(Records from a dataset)
====

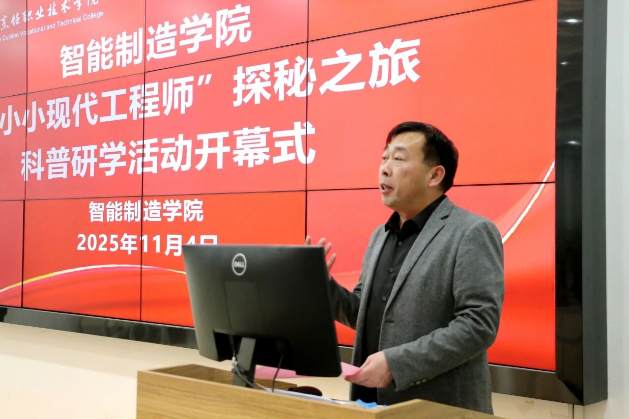11月4日,长垣烹饪职业技术学院举行 “小小现代工程师探秘之旅” 科普开放日活动。智能制造学院院长朱明悦、东英学校小学部校长李新等领导出席活动,我校师生代表与东英学校小学部150余名师生共同参与。
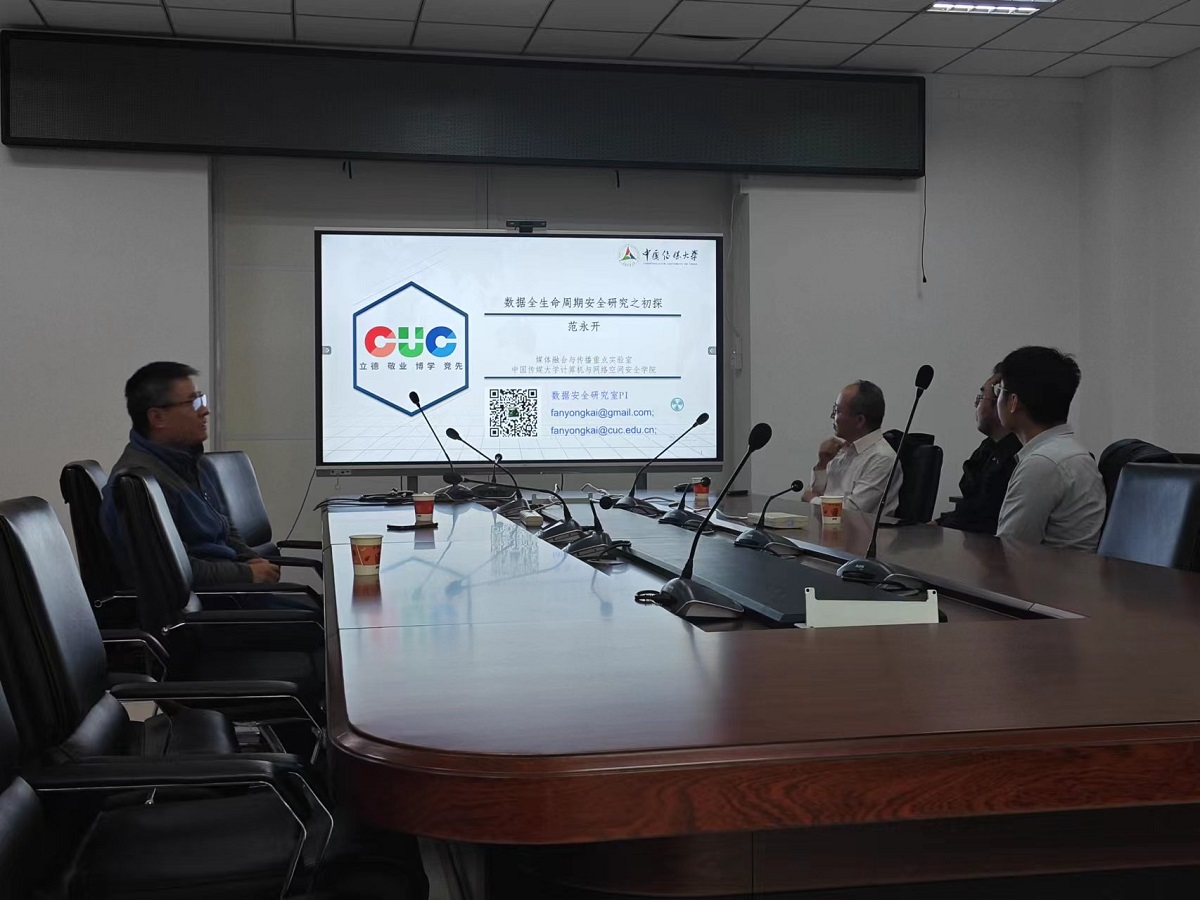 11月6日下午,应英国威廉集团官网邀请,南开大学教授、博士生导师汪定、中国传媒大学网络与空间安全公司教授姜正涛和中国传媒大学网络与空间安全公司教授范永开在博远楼1023来公司开展学术报告,分别题为“如何评估口令强度评测算法”,“数据全生命周期安全研究之初探”以及“可搜索加密技术与算法”。通信工程专业责任教授张键红主持,通信工程专业30余名研究生参加。
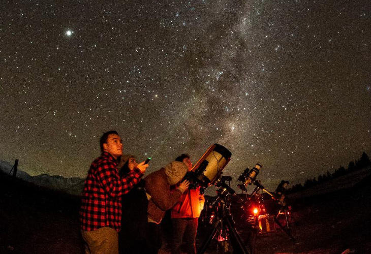 75分間の星空観賞ツアーでは、レイクテカポ周辺の最も暗くアクセスしやすい場所に特別にアクセスできます。このツアーは、肉眼での星空観賞、明るい星や重要な星座の解説、夜空を使ったナビゲーション方法の学習、望遠鏡観察、星空の下での個人写真撮影(無料)、そして天文学という科学分野の紹介を組み合わせた体験です。
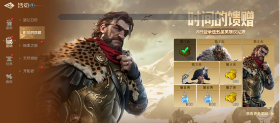老活动“时间的馈赠”,前8天的奖励最超值,可累计获得3个五星英雄,并且他们是能组成带有命运羁绊的强力体系队,往后签到汇总还有金币、银币、抽卡资源等。
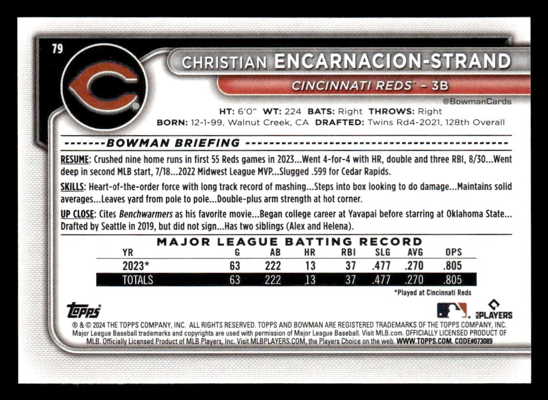 This is a nice example of a 2024 Bowman #79 Christian Encarnacion-Strand
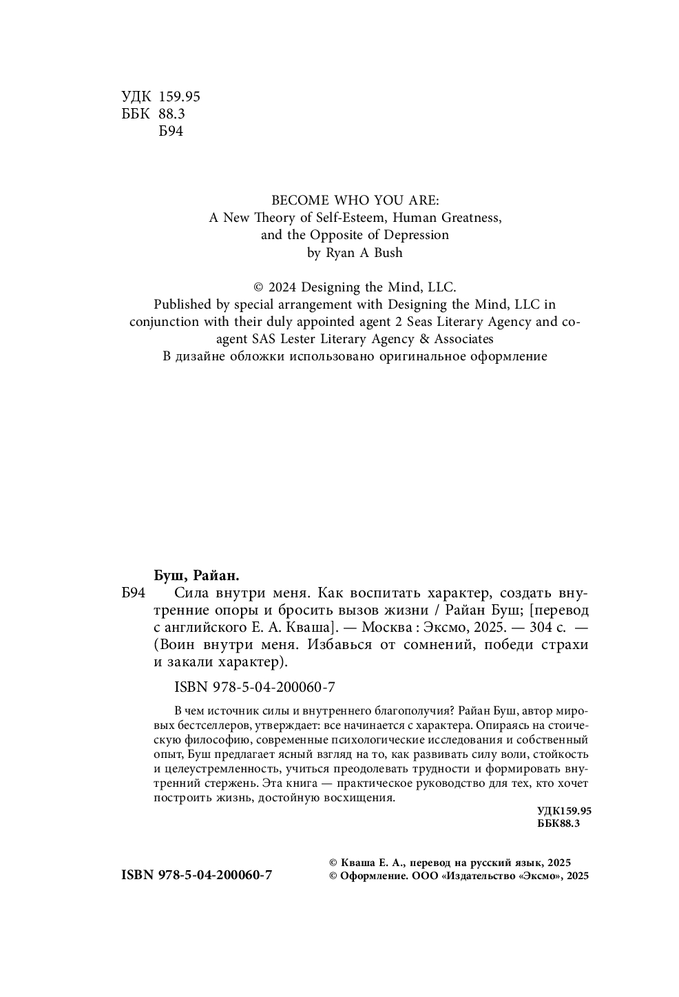 Здесь сконцентрирована практическая философия силы. Буш объединяет идеи стоиков, открытия нейропсихологии и свой личный опыт, чтобы ответить на главный вопрос: как воспитать характер и стать человеком, которого уважаешь прежде всего сам.
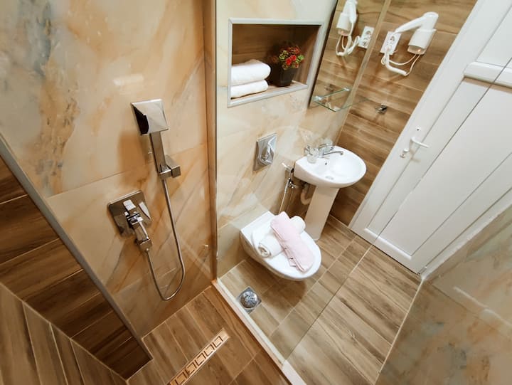 - საკუთარი, ოთახშივე მდებარე სააბაზანო
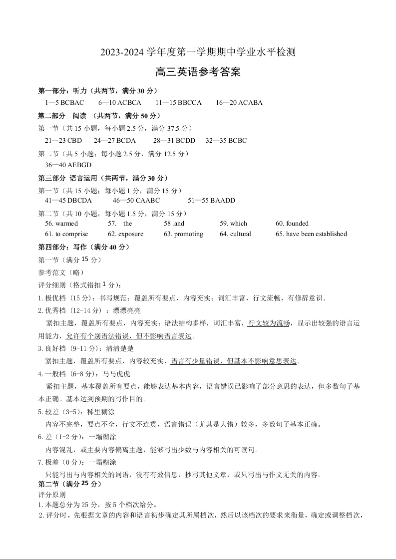山东省青岛市四区统考2024届高三上学期期中英语答案
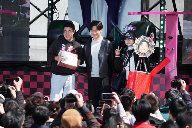 F1中国大奖赛前夕,周冠宇(中)代表凯迪拉克车队与车迷互动 东方IC

====

_WHAT IS NEEDED_.
Quote every record above exactly, leaving out any pictures.

_EXPECTED ANSWER_.
11月4日,长垣烹饪职业技术学院举行 “小小现代工程师探秘之旅” 科普开放日活动。智能制造学院院长朱明悦、东英学校小学部校长李新等领导出席活动,我校师生代表与东英学校小学部150余名师生共同参与。
 11月6日下午,应英国威廉集团官网邀请,南开大学教授、博士生导师汪定、中国传媒大学网络与空间安全公司教授姜正涛和中国传媒大学网络与空间安全公司教授范永开在博远楼1023来公司开展学术报告,分别题为“如何评估口令强度评测算法”,“数据全生命周期安全研究之初探”以及“可搜索加密技术与算法”。通信工程专业责任教授张键红主持,通信工程专业30余名研究生参加。
 75分間の星空観賞ツアーでは、レイクテカポ周辺の最も暗くアクセスしやすい場所に特別にアクセスできます。このツアーは、肉眼での星空観賞、明るい星や重要な星座の解説、夜空を使ったナビゲーション方法の学習、望遠鏡観察、星空の下での個人写真撮影(無料)、そして天文学という科学分野の紹介を組み合わせた体験です。
老活动“时间的馈赠”,前8天的奖励最超值,可累计获得3个五星英雄,并且他们是能组成带有命运羁绊的强力体系队,往后签到汇总还有金币、银币、抽卡资源等。
 This is a nice example of a 2024 Bowman #79 Christian Encarnacion-Strand
 Здесь сконцентрирована практическая философия силы. Буш объединяет идеи стоиков, открытия нейропсихологии и свой личный опыт, чтобы ответить на главный вопрос: как воспитать характер и стать человеком, которого уважаешь прежде всего сам.
 - საკუთარი, ოთახშივე მდებარე სააბაზანო
山东省青岛市四区统考2024届高三上学期期中英语答案
 F1中国大奖赛前夕,周冠宇(中)代表凯迪拉克车队与车迷互动 东方IC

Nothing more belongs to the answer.